§ **GOAL OF THE EXERCISE**:
Retype the listing exactly, minus its pictures.

:: ENTRIES PROVIDED

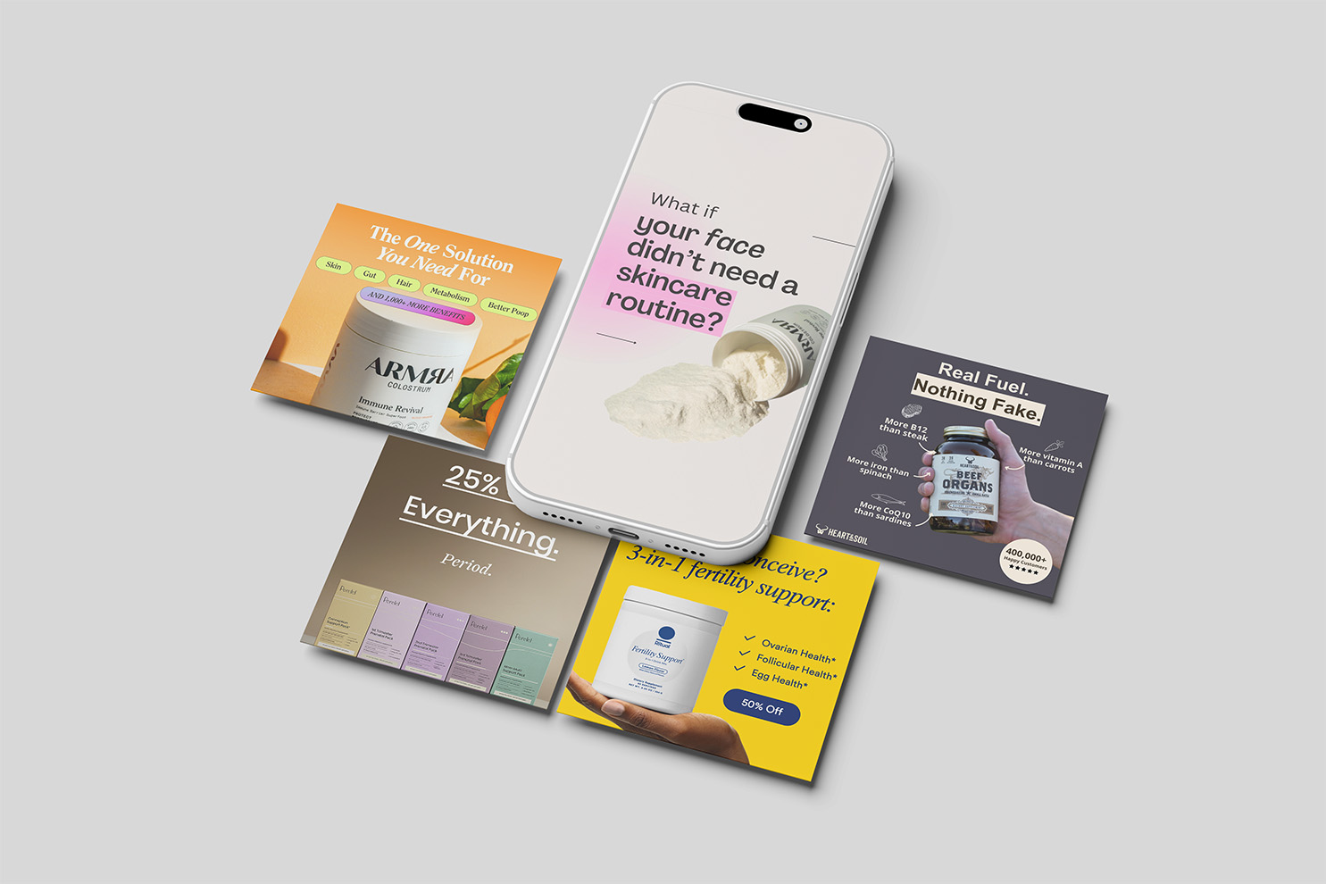 A curated collection of high-performing supplement ad templates designed for Meta, ready to customize for your brand. Includes proven creative formats, copy frameworks, and design patterns that convert.
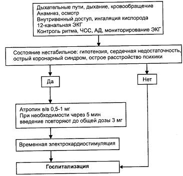 Госпитализация показана при остро возникшей брадиаритмии с ЧСС менее 40 ударов в минуту, наличии приступов Морганьи-Адамса-Стокса или синкопальных состояний. При нестабильной гемодинамике проводят экстренную госпитализацию в реанимационное отделение. В госпитализации не нуждаются пациенты с физиологической брадикардией (спортсмены), при удовлетворительной гемодинамике и отсутствии синкопальных состояний на фоне передозировки ЛС у больных с хроническими заболеваниями вне обострения (рекомендуется обратиться к участковому врачу для коррекции лечения).
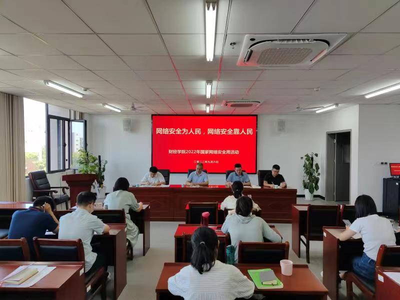 为深入学习宣传贯彻习近平总书记关于网络强国的重要思想,宣传贯彻习近平总书记对网络安全工作“四个坚持”的重要指示,按照《beat365在线平台官网2022年国家网络安全宣传周活动方案》要求,进一步提升财经学院全体教职工的网络安全意识和防护水平,普及网络安全知识,9月6日财经学院组织开展了以“网络安全为人民网络安全靠人民”为主题的学习宣传活动。
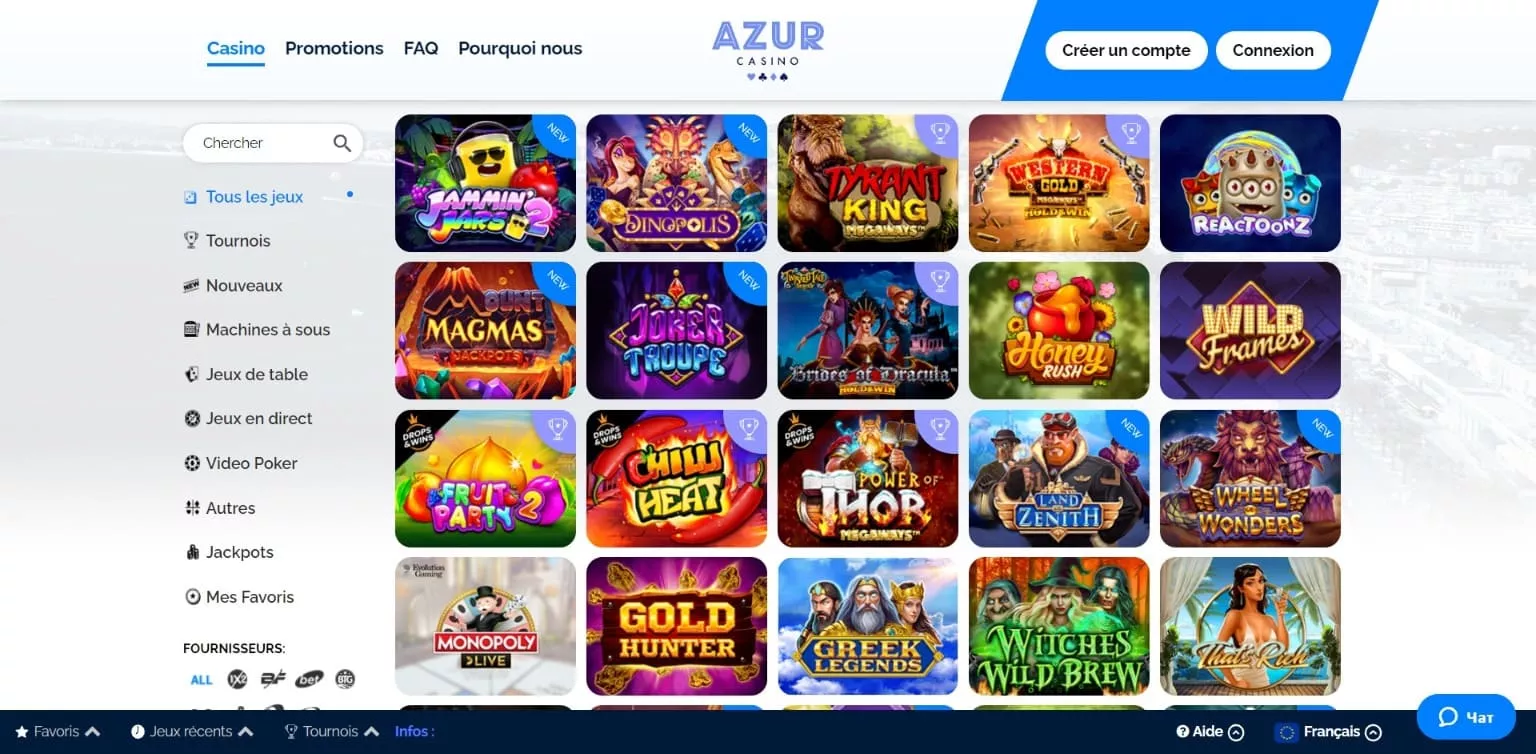 Le casino Azur fiable regroupe de nombreux fournisseurs de jeux, plus de 2400 jeux accessibles également depuis votre mobile ou votre tablette. De nombreuses animations, concours de machines à sous, tournois et jeux de jackpots sont régulièrement organisés avec les éditeurs Yggdrasil, Pragmatic Play pour les concours et Play’n Go, Isoftbet pour les jackpots. Enfin, les jeux du casino Azur comprennent également des tables de jeu en direct, fournies par Evolution Gaming, le spécialiste leader des tables de croupier en direct.
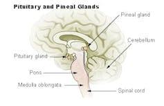 In humans, the hormone melatonin is an marker of external darkness. When darkness descends, melatonin is secreted from a structure called the pineal gland, a pine cone-shaped endocrine gland located in the center of the brain. This gland modulates sleep patterns in both circadian and seasonal rhythms. The secretion of melatonin from the gland corresponds to the length of darkness; as the nights get longer, melatonin secretion follows suit.
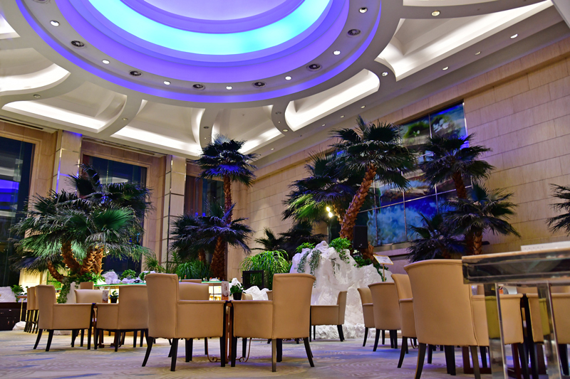 棕榈苑大堂吧位于酒店一层,独有的地中海风格,高矮相间的棕榈树,错落有致的山石,绵软的地毯......自然采光的通顶落地窗、挺拔的棕榈树,阳光在半圆形玻璃穹顶的折射下,透过棕榈叶温柔拂过每一个角落。夜晚梦幻时分,点一杯夏日饮品,伴着曼妙的音律,仰望朗朗星空,迷醉在星际的无限浪漫中......

::::

§ **TASK SOLUTION**:
 A curated collection of high-performing supplement ad templates designed for Meta, ready to customize for your brand. Includes proven creative formats, copy frameworks, and design patterns that convert.
 Госпитализация показана при остро возникшей брадиаритмии с ЧСС менее 40 ударов в минуту, наличии приступов Морганьи-Адамса-Стокса или синкопальных состояний. При нестабильной гемодинамике проводят экстренную госпитализацию в реанимационное отделение. В госпитализации не нуждаются пациенты с физиологической брадикардией (спортсмены), при удовлетворительной гемодинамике и отсутствии синкопальных состояний на фоне передозировки ЛС у больных с хроническими заболеваниями вне обострения (рекомендуется обратиться к участковому врачу для коррекции лечения).
 为深入学习宣传贯彻习近平总书记关于网络强国的重要思想,宣传贯彻习近平总书记对网络安全工作“四个坚持”的重要指示,按照《beat365在线平台官网2022年国家网络安全宣传周活动方案》要求,进一步提升财经学院全体教职工的网络安全意识和防护水平,普及网络安全知识,9月6日财经学院组织开展了以“网络安全为人民网络安全靠人民”为主题的学习宣传活动。
 Le casino Azur fiable regroupe de nombreux fournisseurs de jeux, plus de 2400 jeux accessibles également depuis votre mobile ou votre tablette. De nombreuses animations, concours de machines à sous, tournois et jeux de jackpots sont régulièrement organisés avec les éditeurs Yggdrasil, Pragmatic Play pour les concours et Play’n Go, Isoftbet pour les jackpots. Enfin, les jeux du casino Azur comprennent également des tables de jeu en direct, fournies par Evolution Gaming, le spécialiste leader des tables de croupier en direct.
 In humans, the hormone melatonin is an marker of external darkness. When darkness descends, melatonin is secreted from a structure called the pineal gland, a pine cone-shaped endocrine gland located in the center of the brain. This gland modulates sleep patterns in both circadian and seasonal rhythms. The secretion of melatonin from the gland corresponds to the length of darkness; as the nights get longer, melatonin secretion follows suit.
 棕榈苑大堂吧位于酒店一层,独有的地中海风格,高矮相间的棕榈树,错落有致的山石,绵软的地毯......自然采光的通顶落地窗、挺拔的棕榈树,阳光在半圆形玻璃穹顶的折射下,透过棕榈叶温柔拂过每一个角落。夜晚梦幻时分,点一杯夏日饮品,伴着曼妙的音律,仰望朗朗星空,迷醉在星际的无限浪漫中......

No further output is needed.